Extension of TheGreatContini idea:
First try
Let's look at this as looking for combinations belonging to AxB with sets of strings A and B. These combinations must satisfy a condition or condition, but we also assume that the cracking weight a is not less than b (to avoid some duplicates).
Now divide A by A0 (lines starting with 0) and A1 (lines starting with 1). Do the same for B. Now we have brought the problem to three smaller problems: A0xB1, A1xB1 and A1xB0. If A and B were the same, then A0xB1 and A1xB0 are the same, so we only need to do this. These three subtasks are not only less combined than the first, we also thoroughly checked the first column and can now ignore it.
To solve these subtasks, we can use the same approach, but now with column 2, 3, ... At some point, we will either check all the columns, or #A and #B will be 1.
Depending on the implementation, faster acceleration may be more efficient. At this point, we can perform an exhaustive check of the remaining combinations. Remember that if we have already checked k columns, it will only cost mk per combination.
Better Column Selection
As TheGreatContini suggested, instead of selecting the first column, we can select the column that will lead to the smallest subtasks. The cost of finding this column at each step is quite high, but the scales can be calculated once at the beginning, and then used as an estimate for the best column. Then we can reorder the columns using the algorithm, as usual, after this is done, rebuild them again.
The exact best column would be the one for which the number of zeros in A times the number of zeros in B is the maximum.
Hamming Weight Trimming
We know that the sum of the weights a and b must be at least m. And since we assumed that this is the highest weight to hold, we can remove all a values โโthat have a storage weight of less than m / 2. (the acceleration it gives may be careless, I'm not sure). The calculation of all weights for interference is O (m * n).
Effective separation
If we sort the rows, grouping can be done much faster using the bisection algorithm. It can also lead to efficient representation of sets in memory. We can simply specify the minimum and maximum lines. Sorting can be done in O (n * m * log (n)). Then the splitting can be done in log (n).
Here is code that will not compile, but should give the right idea.
private List<Row> rows; public int findFirstOne(int column, int start, int end){ if(rows.get(start).get(column) == 1) return start; if(rows.get(end).get(column) == 0) return -1; while(start < end){ int mid = (start+end)/2; if(rows.get(mid).get(column) == 0){ start = mid+1; }else{ end = mid; } } return start; }
Complexity
In the following calculations, the effect of the best choice of columns is ignored, since it will not improve the efficiency of the worst case. However, in medium cases, this can lead to significant improvement, reducing the search space as soon as possible and thereby speeding up other checks.

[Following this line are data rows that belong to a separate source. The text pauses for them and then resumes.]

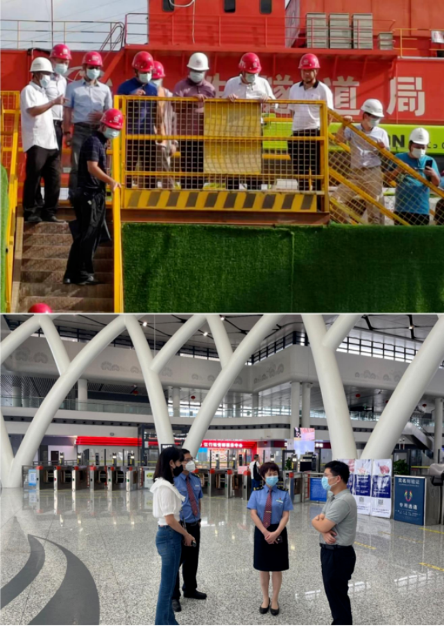 加强江门站、江门东站疫情防控检查,确保站场进行定期消毒、通风,设置隔离留观区、严格落实进站旅客“三个100%”(测温、扫码、佩戴口罩)、出站旅客“五个100%”(戴口罩、测温、打卡场所码、核验健康码和行程码)的查验工作,提醒旅客保持安全距离、做好个人防护、加强“落地检”、车站服务人员要做好自我防护等相关工作。两站均制定应急预案,对健康码显示黄码或红码人员实施闭环管理。开展铁路建设项目现场检查,我市铁路建设安全生产形势持续稳定。
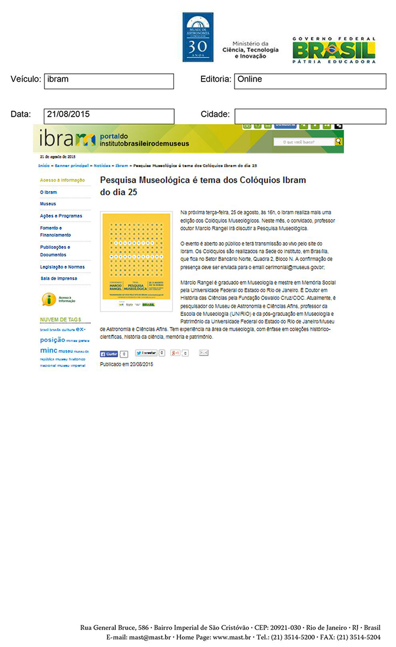 IBRAM | Pesquisa Museológica é tema dos Collóquios Ibram do dia 25
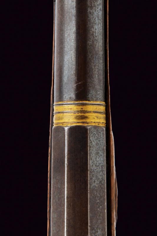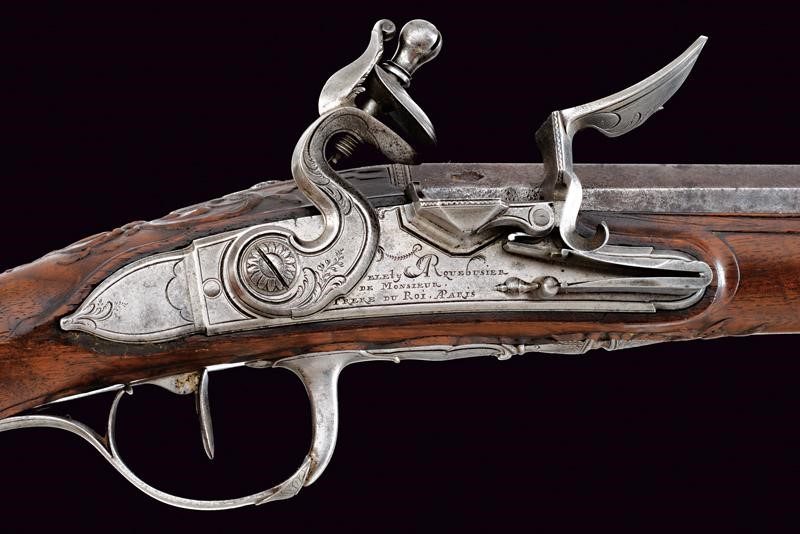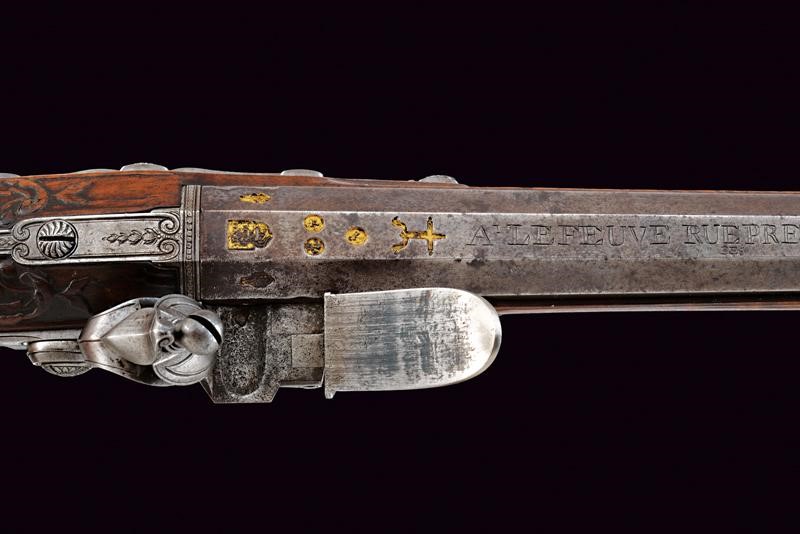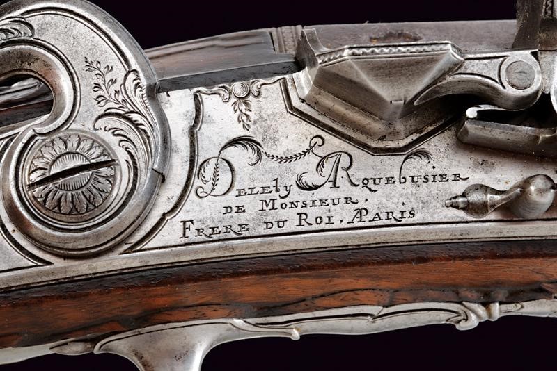 Smoothbore, browned, two-stage, 15 mm cal. barrel, octagonal the first part with frame at the base, deep gold mark between lilies and under a cross (also gold-inlaid, missing parts), later inscription "A LE FEUVE RUE (DES) PRE CHEUS", then round after two gold-plated rings, swallowtailed foresight. Tang with beautiful engravings. Finely carved screw, like all other screws). Elegant flintlock signed "DELETY ARQUEBUSIER DE MONSIEUR FRERE DU ROI. A PARIS" (Delety used this signature around 1785); the frame and cock decorated like the tang. Wooden full stock (a cracked part on a right side of the barrel), partially sculpted with floral motifs with long graceful grip. Steel mounts finely carved and engraved with geometric and floral motifs. The back of the butt with a cushion covered with leather and fixed with small brass nails. Horn ramrod (missing parts) provided with iron cartridge extractors.

The running time of the algorithms is limited to nยฒm. However, the worst examples I found are all O (n * log (n) * m).
First, the sorting of the matrix will be O (n * log (n) * m) for the rows and, optionally, the sorting of the columns will be O (n * m + m * log (m)).
Then, create subtasks. Reevaluate first. We need to divide no more than 2 times, and the cost of the full level of units at a depth I can be overestimated as log (n) * 3 ^ i (the cost of splitting units at times). This leads to the sum O (log (n) * 3 ^ m).
Also, 3 ^ i <= nยฒ / 2 must be fulfilled, since this is the maximum possible number of combinations, so for large m it overlaps with O (nยฒ * log (n) * m). I'm struggling to find an example that really behaves this way.
I think it is reasonable to assume that many of the subtasks became very trivial very early. Going to O (log (n) * m * n) (if anyone wants to check this out, I'm not sure about that).